## Records provided
━━━━━━━━━━
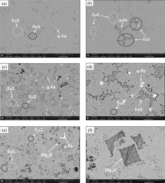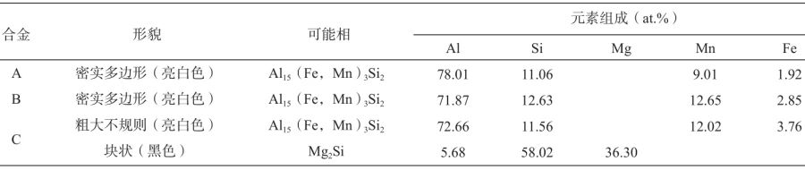 (a)、(b)合金A;(c)、(d)合金B(yǎng);(e)、(f)合金C 圖6 合金組織SEM-BSE圖 合金C中,如圖6e,并沒(méi)有發(fā)現(xiàn)許多彌散分布的細(xì)小α-AlFeMnSi相,僅有非常少的α-AlFeMnSi相,且呈粗大不規(guī)則狀,其長(zhǎng)度約20 μm;同時(shí)在合金C組織中出現(xiàn)了大量的粗大的四方體Mg2 Si相,合金中不同中間相的平均化學(xué)成分如表5。圖6b、d中有兩種共晶組織,標(biāo)注為Eu1和Eu2,合金A、B中這兩種共晶組織的形貌和大致尺寸基本相似,但合金B(yǎng)中的Eu1稍寬些。Eu1中含分枝狀的Mg2 Si,在合金A中其分枝間距約0.4~1.2 μm,而合金B(yǎng)中的Eu1分枝間距約0.7~3 μm。合金A和B的Eu2共晶體中包含了α-Al、Si、Mg2 Si以及針狀π-AlMnFeSiMg相。合金C中的Eu2和合金A、B中的形貌類(lèi)似,但尺寸更加細(xì)小,如圖6e;與合金A、B不同的是,合金C中含有大量的密實(shí)塊狀Mg2 Si相,尺寸約15 μm左右,如圖6f。
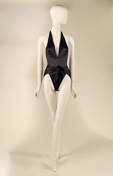 Halston is best known for his application of innovative patterning techniques in the construction of near-seamless bias cut gowns and for the promotion of ease and wearability in designs for shift dresses and suits. In the mid-1970s, the designer began to apply his eveningwear aesthetic to a wide range of ready-to-wear clothing, including swimwear. This bathing suit, titled “Savage,” incorporates the plunging neckline typical of many of the designer’s gowns. The customizable garment, composed of one continuous piece of fabric, is passed through the legs, wrapped around the waist, and tied to fit.
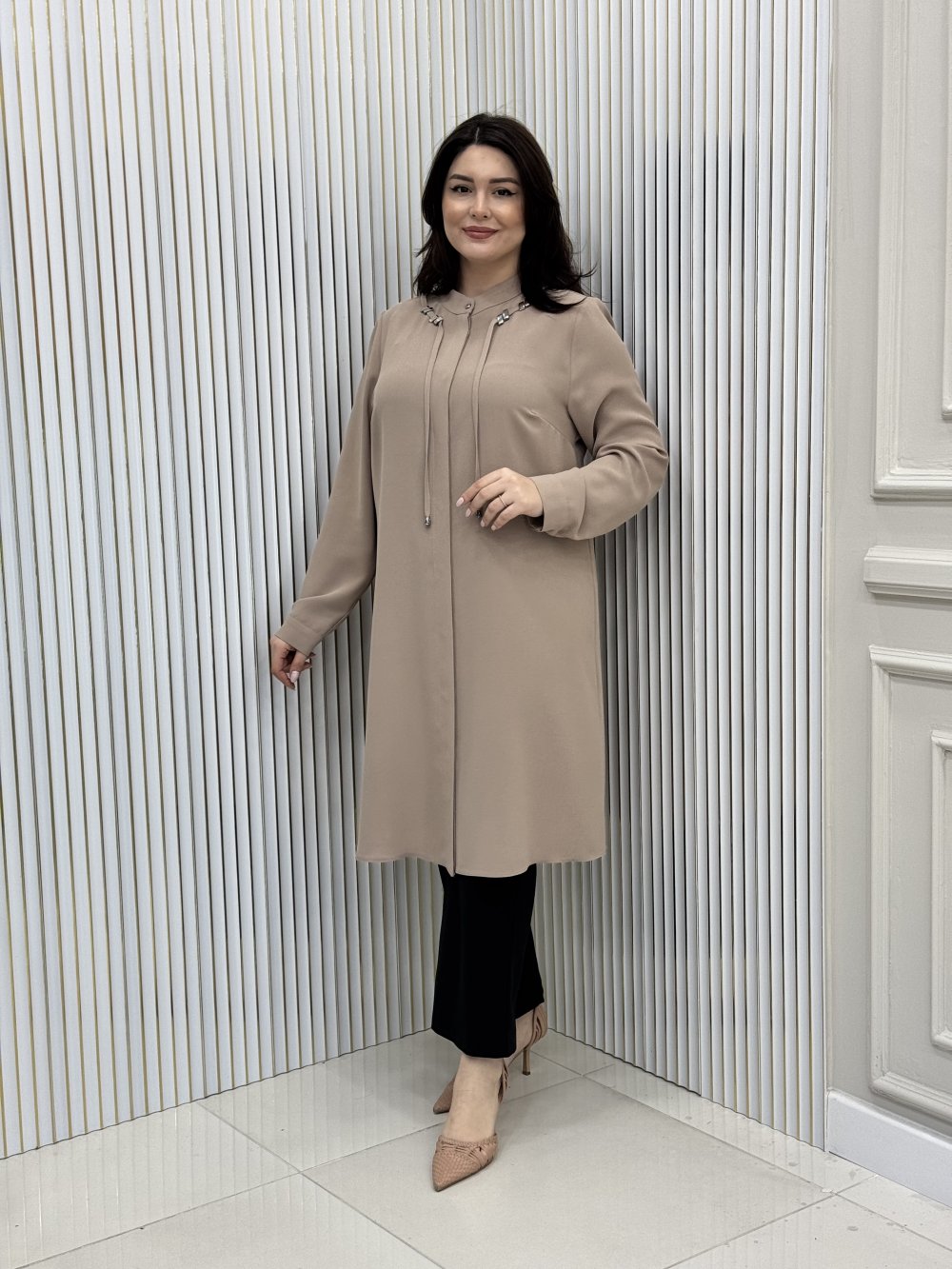 Boydan düğmeli, yaka kısmında taş detaylıdır.
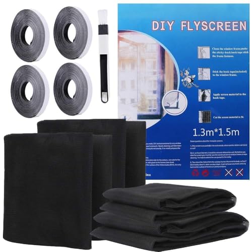 YANGTE 4 Packs Fly Screens for Windows, Insect Mesh Window Nets 130x150 cm with 4 Rolls Self-Adhesive Tapes, Cleaning Brush, Black
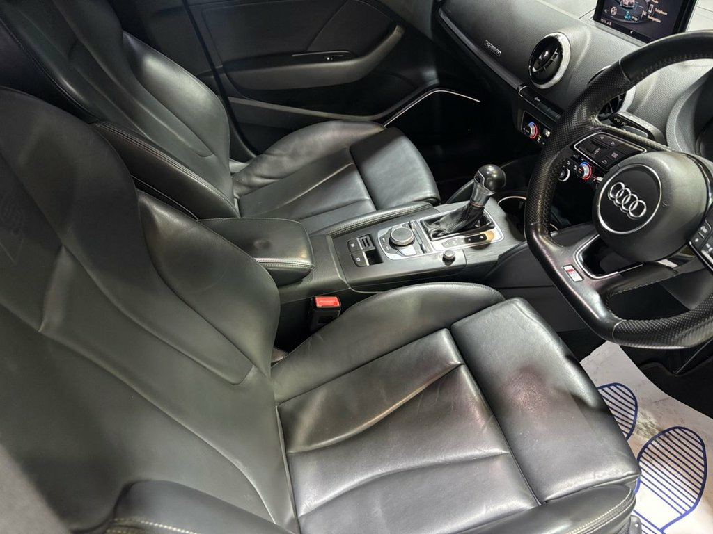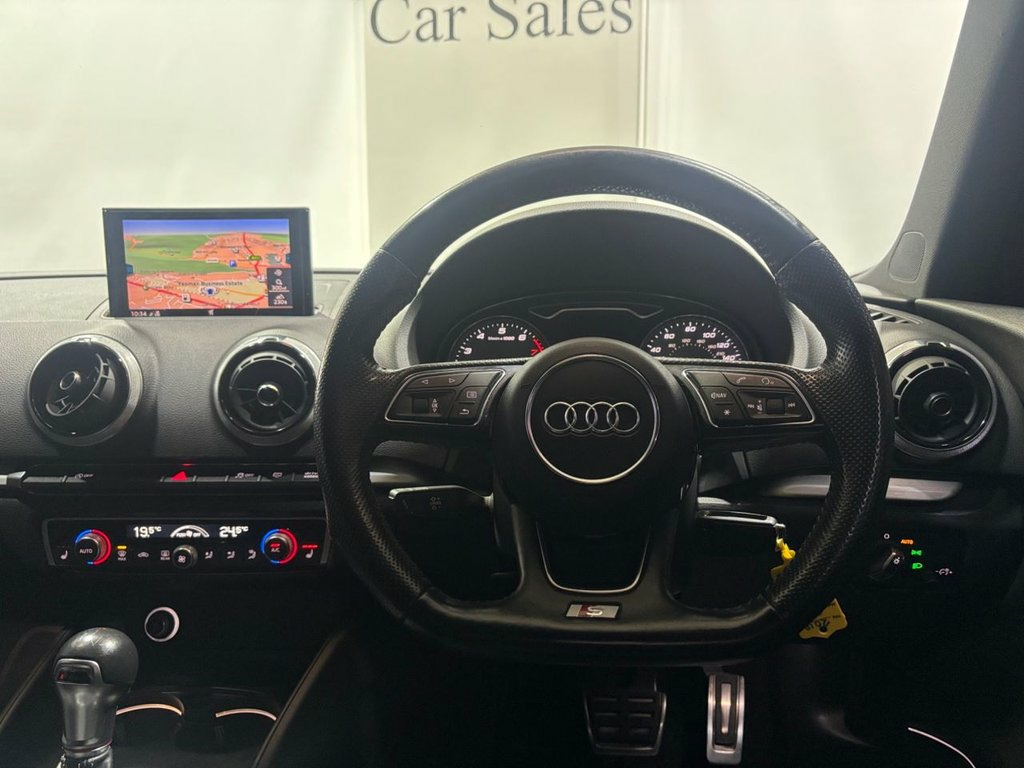 AN EXCELLENT EXAMPLE OF A AUDI S3 2.0 TFSI Black Edition Sportback 5dr Petrol S Tronic quattro Euro 6 (s/s) (310 ps). THIC VEHICLE COMES WITH FULL DEALER SERVICE HISTORY, HEATED SEATS, SAT NAV, 19 INCH ALLOYS, LEATHER TRIM, PARKING SENSORS, CLIMATE CONTROL,2 KEYS, 12 MONTHS MOT AND SERVICE, ANY PARY EXCHANGE WELCOME, FINANCE AVAILABLE UP TO 5 YEARS WITH NO DEPOSIT. 18in Alloy Wheels - 5-Arm Turbine Design, 2 x USB Charging Ports and 1 x AUX-IN, 6-Airbag System with Knee Airbag for Dri, Aluminium Interior Elements, Anti Theft Locking Wheel Bolts, Anti-Theft Alarm, Audi Beam, Audi Connect Infotainment Services - 3 M, Audi Drive Select, Audi Hill Hold Assist, Audi Smartphone Interface, Auto-Dimming Rear-View Mirror with Light, Bang and Olufsen Sound System, Black Styling Package, Bluetooth Interface, Brake Calipers Painted in Black with S3 , CD Drive, Cloth Headlining in Black, Colour Drivers Information System - DIS, Cruise Control, DAB Digital Radio, Door Mirrors - Black Housing, Door Mirrors - Electrically Adjustable a, Dual-Zone Electronic Climate Con
━━━━━━━━━━
Once the line with "Boydan düğmeli, yaka" is found, output it and every line after it through the end of the listing, exactly, without pictures.

## Result for this task
 Boydan düğmeli, yaka kısmında taş detaylıdır.
 YANGTE 4 Packs Fly Screens for Windows, Insect Mesh Window Nets 130x150 cm with 4 Rolls Self-Adhesive Tapes, Cleaning Brush, Black
 AN EXCELLENT EXAMPLE OF A AUDI S3 2.0 TFSI Black Edition Sportback 5dr Petrol S Tronic quattro Euro 6 (s/s) (310 ps). THIC VEHICLE COMES WITH FULL DEALER SERVICE HISTORY, HEATED SEATS, SAT NAV, 19 INCH ALLOYS, LEATHER TRIM, PARKING SENSORS, CLIMATE CONTROL,2 KEYS, 12 MONTHS MOT AND SERVICE, ANY PARY EXCHANGE WELCOME, FINANCE AVAILABLE UP TO 5 YEARS WITH NO DEPOSIT. 18in Alloy Wheels - 5-Arm Turbine Design, 2 x USB Charging Ports and 1 x AUX-IN, 6-Airbag System with Knee Airbag for Dri, Aluminium Interior Elements, Anti Theft Locking Wheel Bolts, Anti-Theft Alarm, Audi Beam, Audi Connect Infotainment Services - 3 M, Audi Drive Select, Audi Hill Hold Assist, Audi Smartphone Interface, Auto-Dimming Rear-View Mirror with Light, Bang and Olufsen Sound System, Black Styling Package, Bluetooth Interface, Brake Calipers Painted in Black with S3 , CD Drive, Cloth Headlining in Black, Colour Drivers Information System - DIS, Cruise Control, DAB Digital Radio, Door Mirrors - Black Housing, Door Mirrors - Electrically Adjustable a, Dual-Zone Electronic Climate Con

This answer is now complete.